Nigel Turner's HyperGUIDE to
the Mental Health Act
Supervised Discharge
Introduction to Supervised Discharge
Supervised Discharge is an arrangement created by the Mental Health (Patients in the Community) Act
1995. While Section 117
of the Mental Health Act requires health and social
services authorities to make aftercare arrangements for certain
people who have been detained under the longer Sections, it does
not require the person concerned to comply with any of those
arrangements. Supervised discharge, or "aftercare under
supervision", allows certain Requirments to be imposed
on the person who is discharged (who in the Act is called "the
patient"). Under these arrangements there is a named
"Supervisor" who is the lead person in overseeing the
Requirements. The overall purpose of an Application for
Supervised Discharge is that it is made "with a view to securing
that [the patient] receives the aftercare services provided ...
under Section 117".
Who can be made subject to Supervised Discharge?
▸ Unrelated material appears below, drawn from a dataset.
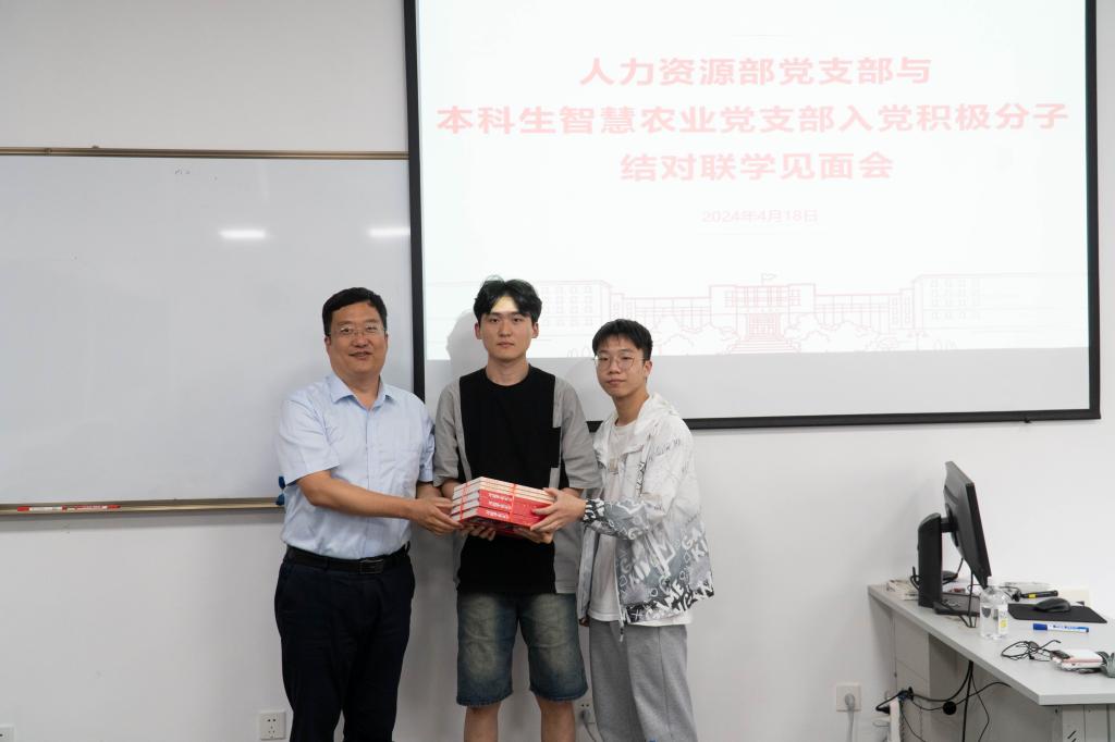 在智慧农业创新教室中,人力资源部副部长赵希庆代表支部党员亲切问候在场同学,一一介绍了支部成员与所指导的入党积极分子。各“红色导师”与入党积极分子们畅谈老员工活,并向同学们赠送《习近平在正定》、《党代会简史:从一大到二十大》等红色书籍,期待同学们与书为友,提升认识。赵希庆谈到,人力资源部党支部与智慧农业党支部结对共建是公司“党建质量源头提升工程”的工作内容,是切实推动教师党员发挥对入党积极分子的涵育功能、积极引导青年员工成长成才的重要举措。

Potentially anyone who is liable to be detained for treatment in
hospital under the Mental Health Act - generally those to whom
Section 117 applies - even if they are on
authorised leave under Section 17.
Conditions which must Apply to the Patient
The grounds for the Supervision Application are that:
- the patient has a least one of the four forms of mental disorder and
- there would be a substantial risk of serious harm to the
health or safety of the patient, or the safety of other persons,
or of the patient being seriously exploited, if she/he were not
to receive the aftercare services provided and
- being subject to supervised discharge is likely to help to
secure that the patient does actually receive the aftercare
services.
Requirements which can be Imposed on the Patient
- that the patient lives at a specified place
- that the patient attends at specified places and times for
the purpose of:
- medical treatment
- occupation
- education
- training.
- that the following people may be given access to the patient
at the place where he/she lives:
- the supervisor who is named in the application
- any doctor
- any Approved Social Worker
- any other person authorised by the supervisor.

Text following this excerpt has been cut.